On Wednesday, January 1, 2014 1:47:03 AM UTC-5, Shravan Vasishth wrote:

My Stan related question is: I want to have something simple like this for lkj_corr(2.0), lkj_corr(0.5), and lkj_corr(2.0). Does this make sense:

It is possible but a bit inefficient to use Stan for this. Attached is a .R file that randomly draws from the LKJ distribution (quickly).

When the shape parameter is not equal to 1, then the correlations do not all have the same marginal distribution, unless you do a symmetric permutation of the rows and columns of the correlation matrix. But a marginal correlation is a red herring anyway.

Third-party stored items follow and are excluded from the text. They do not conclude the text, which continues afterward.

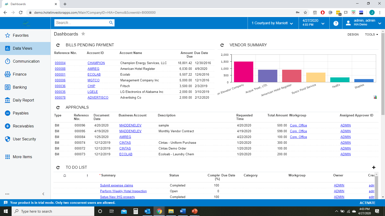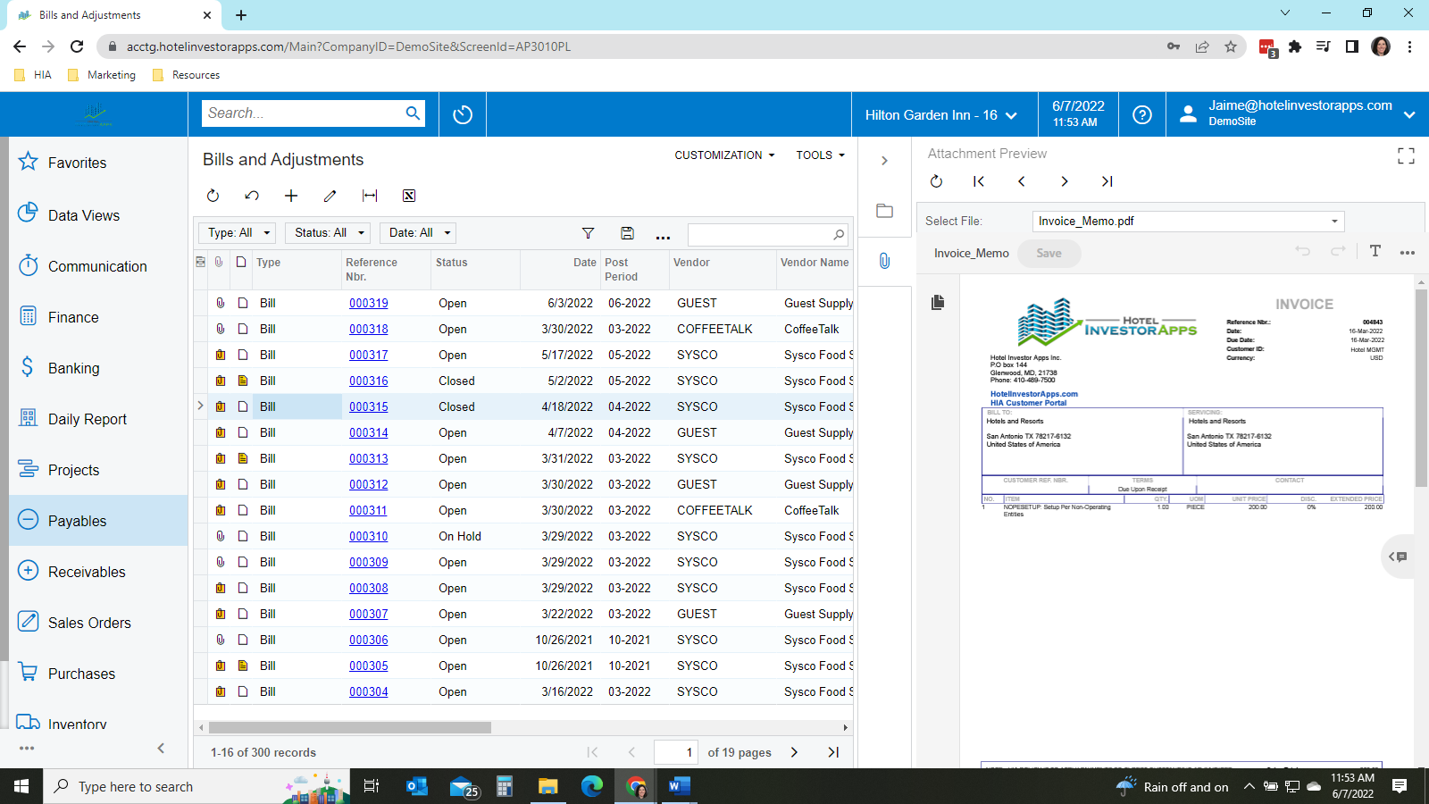 Hotel Investor Apps est le SEUL ERP conçu pour l'industrie hôtelière. Il s'agit d'une solution basée sur le cloud qui répond à la quasi-totalité des besoins comptables des hôtels et des portefeuilles, ainsi que de modules ERP intégrés allant de la business intelligence au CRM et à la gestion des commandes, en plus de solutions logicielles intégrées pour tout le reste, de l'AP automatisée à la paie.
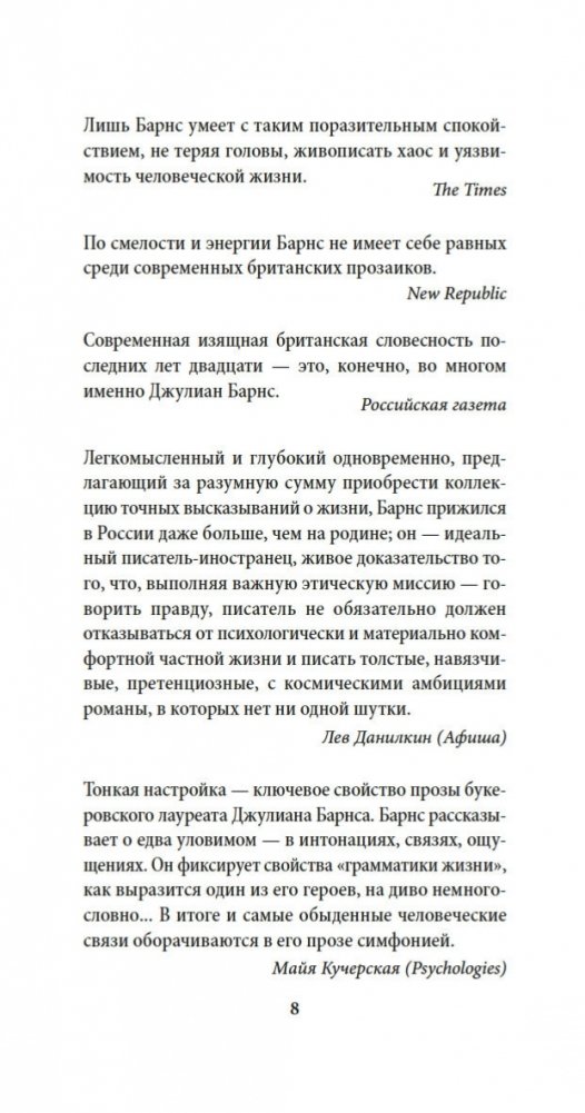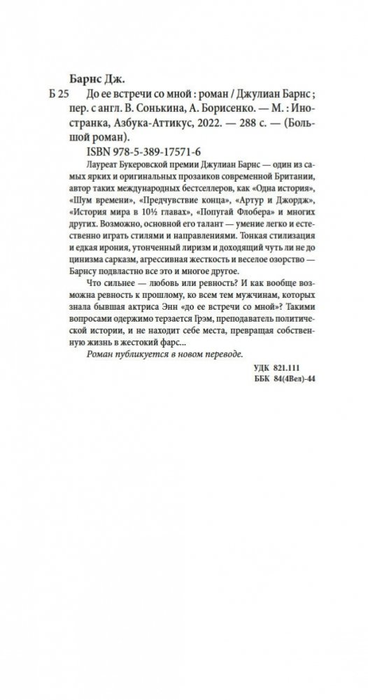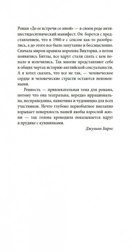 Лауреат Букеровской премии Джулиан Барнс — один из самых ярких и оригинальных прозаиков современной Британии, автор таких международных бестселлеров, как «Одна история», «Шум времени», «Предчувствие конца», «Артур и Джордж», «История мира в 10½ главах», «Попугай Флобера» и многих других. Возможно, основной его талант — умение легко и естественно играть стилями и направлениями. Тонкая стилизация и едкая ирония, утонченный лиризм и доходящий чуть ли не до цинизма сарказм, агрессивная жесткость и веселое озорство — Барнсу подвластно все это и многое другое. Что сильнее — любовь или ревность? И как вообще возможна ревность к прошлому, ко всем тем мужчинам, которых знала бывшая актриса Энн «до ее встречи со мной»? Такими вопросами одержимо терзается Грэм, преподаватель политической истории, и не находит себе места, превращая собственную жизнь в жестокий фарс... Роман публикуется в новом переводе.
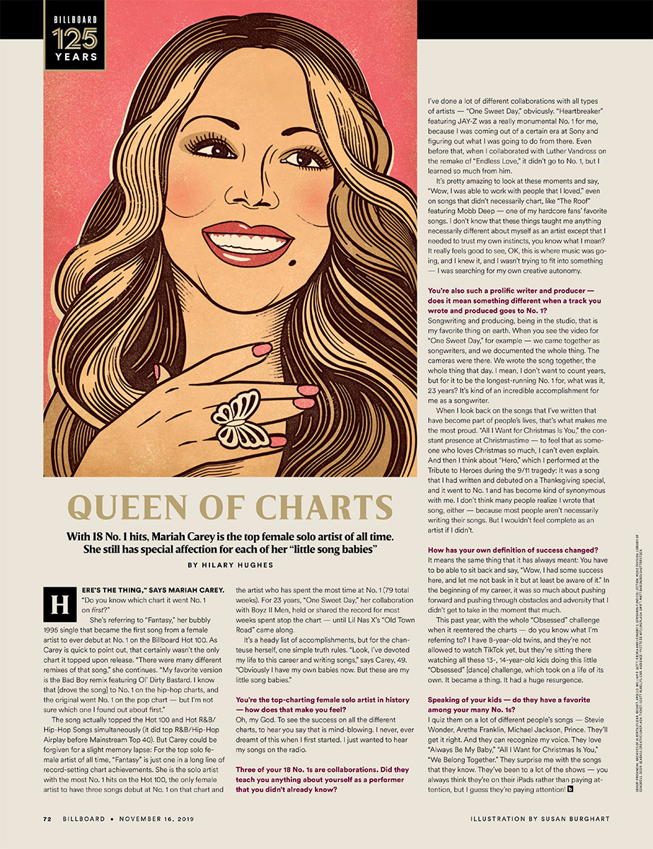 She's referring to “Fantasy,” her bubbly 1995 single that became the first song from a female artist to ever debut at No. 1 on the Billboard Hot 100. As Carey is quick to point out, that certainly wasn't the only chart it topped upon release. “There were many different remixes of that song,” she continues. “My favorite version is the Bad Boy remix featuring Ol' Dirty Bastard. I know that [drove the song] to No. 1 on the hip-hop charts, and the original went No. 1 on the pop chart — but I'm not sure which one I found out about first.”
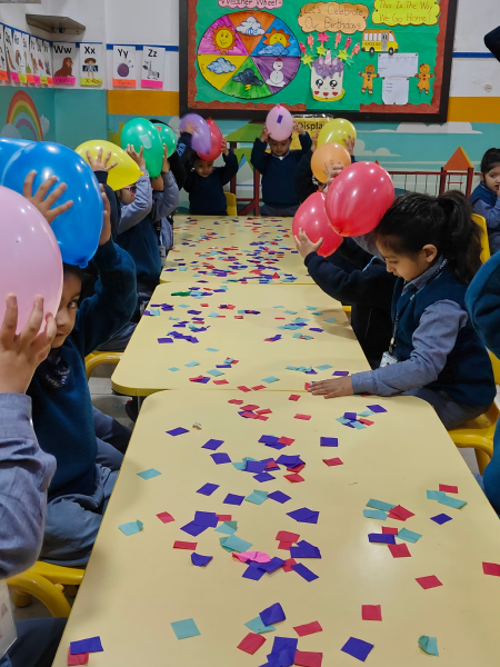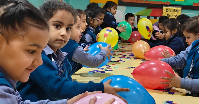 In the Nursery class at Modern Early Years, Deepali, a static electricity balloon experiment was conducted where students rubbed a balloon on their heads to generate static electricity. They then brought the charged balloon near papers placed on the table to observe the effects. This hands-on activity aimed to demonstrate the principles of static electricity in a fun and interactive way, sparking curiosity and learning among the children.
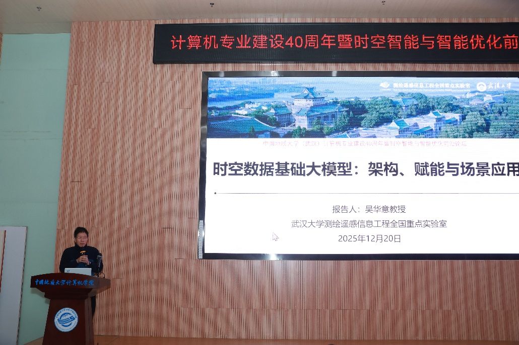 2025年12月20日,值此偷拍外流 (武汉)偷拍外流 建院20周年之际,由计算机科学与技术系与计算机应用系组织的报告会——“时空智能与智能优化前沿论坛”在偷拍外流 (武汉)未来城校区偷拍外流 126报告厅成功举办。本次活动作为偷拍外流 (武汉)偷拍外流 建院20周年暨专业建设40周年系列学术活动之五,吸引了来自武汉大学、华中科技大学、中南大学、北京师范大学、安徽大学、武汉科技大学、江苏理工偷拍外流 等单位国内外知名学者踊跃参加,共同围绕时空智能与智能优化“理论—技术—应用”前沿展开深入交流,集中展示人工智能时代时空信息处理与智能优化算法的新突破、新范式,为院庆系列学术活动再添浓墨重彩的一笔。偷拍外流 党委书记李红丽、院长张洪艳教授出席,报告会由张洪艳教授、刘刚教授、陈麒玉教授、卢超副教授依次主持,熊慕舟副教授作总结发言。

In my opinion, the thing to visualize is "effective independence" --- which is the determinant of the correlation matrix raised to the power of 1/K or equivalently the geometric mean of the eigenvalues --- as K and the shape parameter varies. So, something like

source("lkj.R")
stopifnot(require(parallel))

K <- 2:22
eta <- seq(from = 0, to = 5, length.out = 21)
eg <- expand.grid(K = K, eta = eta)

ei_lkj <- function(K, eta, SIMS = 1000) {
  mean(replicate(SIMS,
                 exp(2 * mean(log(diag(rcorvine(K, eta, cholesky = TRUE)))))) )
}

theta_lkj <- mcmapply(ei_lkj, K = eg$K, eta = eg$eta, mc.cores = detectCores())

par(mar = c(5,4,1,1) + .1)
image(K, eta, matrix(theta_lkj, length(K), length(eta)), las = 1)
contour(K, eta, matrix(theta_lkj, length(K), length(eta)), las = 1)

yields



If you do something similar for the Wishart or inverse Wishart distribution with identity scale matrix and use the cov2cor() function in R to obtain the implied covariance matrix, you can see how effective independence varies with K and the degrees of freedom. A lot of people use the inverse Wishart distribution with degrees of freedom equal to K + 1 in order to get marginally uniform correlations and end up with low effective independence values.

Ben